Mogadishu, by first-time playwright Vivienne Franzmann, won the 2008 Bruntwood Prize under the aegis of the Royal Exchange, Manchester, and Matthew Dunster’s powerful production comes straight from that address to the Lyric.

In some ways, this is becoming dangerously over-familiar territory: mouthy, dead-end London school kids, dysfunctional single parent families, fraught teachers, violence and apathy, gutter language, blatant sexuality, a sense of total breakdown and topsy-turvy social agendas.

But Franzmann, who taught for 12 years in just such a London school, pushes the boundaries by writing some really superb, ambitiously extended scenes between the characters who satellite troublemaker Jason (Malachi Kirby), a black 15-year-old who pushes over a white female English teacher, Amanda (the always excellent, emotionally direct Julia Ford) in a playground rumble and turns the incident inside out in order to save his skin.

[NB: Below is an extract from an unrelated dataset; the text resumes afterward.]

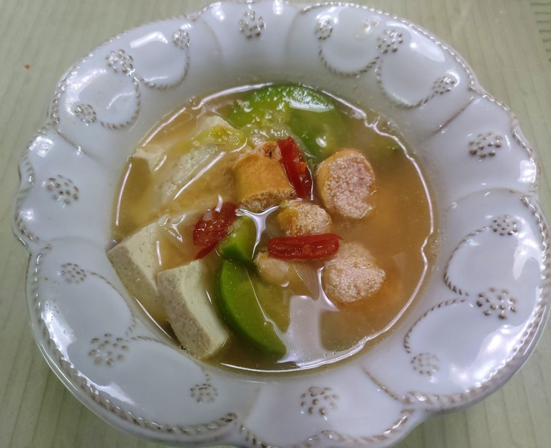ズッキーニはきれいに洗い、半月形に0.5cm厚さに切ります。豆腐も一口大に切り、長ネギは斜めに切って準備します。赤唐辛子は種を取り除いて薄切りにすると、スープの色合いもきれいになりますよ。
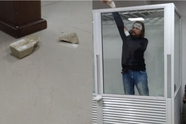 Під час оголошення вироку засуджений жбурнув у бік суддів шматок господарського мила та сказав: "помийте своє життя тюремним милом" і додав, що винним себе не вважає.

There’s one crucial fact about Jason’s life that is conveniently withheld for too long, but otherwise the stage crackles with confrontation, accusation, self-justification and threat. The setting by Tom Scutt is a circular cage-like fencing that is cut and frayed with years of neglect and decay, cleverly lit by Philip Gladwell to cover the smooth scene changes and scenic overlaps.

Jason’s dad, a security officer (Fraser James) stands by him but wants a change of attitude. For Amanda, the affair spirals into a nightmare of ebbing support at both home – where she’s domiciled with a second husband (Christian Dixon) who happens to be black, adding another layer of difficulty in the cultural shake-out – and in the staff room, where Ian Bartholomew is a cowardly, box-ticking headmaster anxious “to be seen to be accountable” in the aftermath of the fracas.

The social services, too, want to know if she can care properly for her own daughter. That daughter, Becky, is frighteningly well played by Shannon Tarbet, an outstanding newcomer in Spur of the Moment last year at the Royal Court.

Jason’s mates are played by a group of outstanding young actors similar to those in the Bush Theatre’s educational season earlier this year. Where do they find them?

The title? Self-harming Becky taunts Amanda with the aspirations she’s supposed to have: university and a gap year building irrigation systems in Mogadishu and knowing who Judi Dench is. It’s not even a dream, it’s an illusion.

And Malachi Kirby’s broody, bullying Jason is a perfect expression of adolescent insecurity whose impact is so disastrous on other people and not least himself. It’s a sad, sad play, but a very good one, and much more than just promising.